5 Things You Probably Haven’t Thought of That Will Help You Be More Inclusive

Happy friend group doing high five together. Big people team of diverse teens or young adults with modern abstract geometry shapes on isolated background.

The author of Inclusion on Purpose walks you through practical strategies that will help you make meaningful change on your teams.

Ruchika Tulshyan is the founder of Candour, an inclusion strategy consultation firm. She has also been a business journalist, covering diversity and leadership for Forbes.

Below, Tulshyan shares five key insights from her new book, Inclusion on Purpose: An Intersectional Approach to Creating a Culture of Belonging at WorkListen to the audio version—read by Tulshyan herself—in the Next Big Idea App.

1. INCLUSION TAKES INTENTION—IT DOESN’T JUST HAPPEN NATURALLY.

In 2015, I read a statistic that explained all the confusion I’d been feeling as an immigrant woman of color in America. Public Religion Research Institute found that three-quarters of white people in America don’t have a friend of color. For many Americans, the first time they meaningfully interact with someone from a different racial background is in the workplace. This made sense of why I had spent the majority of my corporate career feeling like an outsider in white-run organizations. Many people I worked with didn’t know what to make of me, with a name like Ruchika and my unfamiliar accent.

I’ve since learned that inclusion takes intention and regular practice. It doesn’t happen by chance. We’re hardwired to be drawn toward people like us, so we need to constantly disrupt our natural approach. We need to develop an acute awareness of who is represented, who’s getting hired, promoted, or thought of as leaders—and who is not.

It is impossible to correct what you can’t identify. To make meaningful progress, we must specifically seek what exclusion looks like, and the experiences of women of color are key to this inquiry. Then, it’s up to us to take the right steps to fix these issues, from advancing women of color to taking personal actions to be more inclusive.

2. WOMEN OF COLOR MUST BE CENTER IN ALL INCLUSION EFFORTS.

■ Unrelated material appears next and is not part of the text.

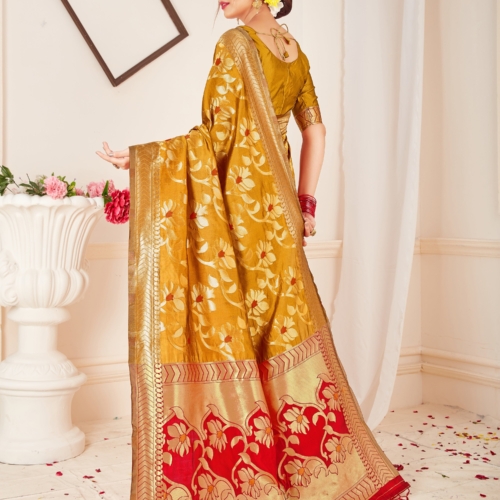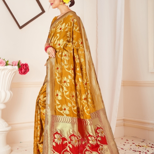 Saree Color : Mustard Blouse Color : Mustard Saree Length : 5.5 Meter Blouse Length : 0.8 Meter Saree Fabric:Banarasi Art Silk Blouse Fabric: Banarasi Art Silk Saree Work : Woven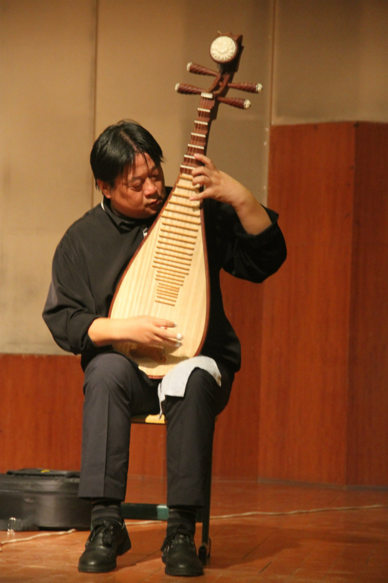 王晓东教授介绍了琵琶的基本知识和不同时期琵琶的发展情况,并演奏了沉闷悲壮的《霸王卸甲》,几线丝弦偏能奏出一片荡气回肠。特别是杨和平教授与王晓东教授在讲座中的一捧一逗,更是点燃了现场的气氛。期间,王晓东演奏了《春江花月夜》、《霸王卸甲》等作品,还演绎了自己改编的《送我一支玫瑰花》,最后,王晓东教授与jdb电子贾波老师共同合作演绎了作曲家久石让的《天空之城》,为本次讲座画上了完美的句点。

In 1989, the incredible Professor Kimberle Crenshaw coined the term “intersectionality” to describe how the exclusion Black women faced in the workplace was not only due to gender bias, but was compounded by racism. All the women of color I interviewed shared how they face distinctly more negative experiences compared with white colleagues—even white women.

Shefali Kulkarni, a South Asian journalist, talked about facing harrowing exclusion while doing her job. None of her white colleagues were aware of the severity of her situation. Many women of color share the acute pain of being overlooked and underestimated, of being invisible and hyper-visible at the same time.

We need change urgently. Institutional changes, like corporate diversity programs, are only part of the puzzle. Strategies must be intersectional to be effective, meaning they must prioritize women of color because they carry the two largest and most visible marginalized identities in the workplace. Without an intersectional approach, changes are incomplete at best, or at worst, inadvertently create cultures where women of color are discriminated against, while white women ascend. Starting by centering on women of color who have other marginalized identities is our greatest possibility of including everyone in a complex, nuanced world.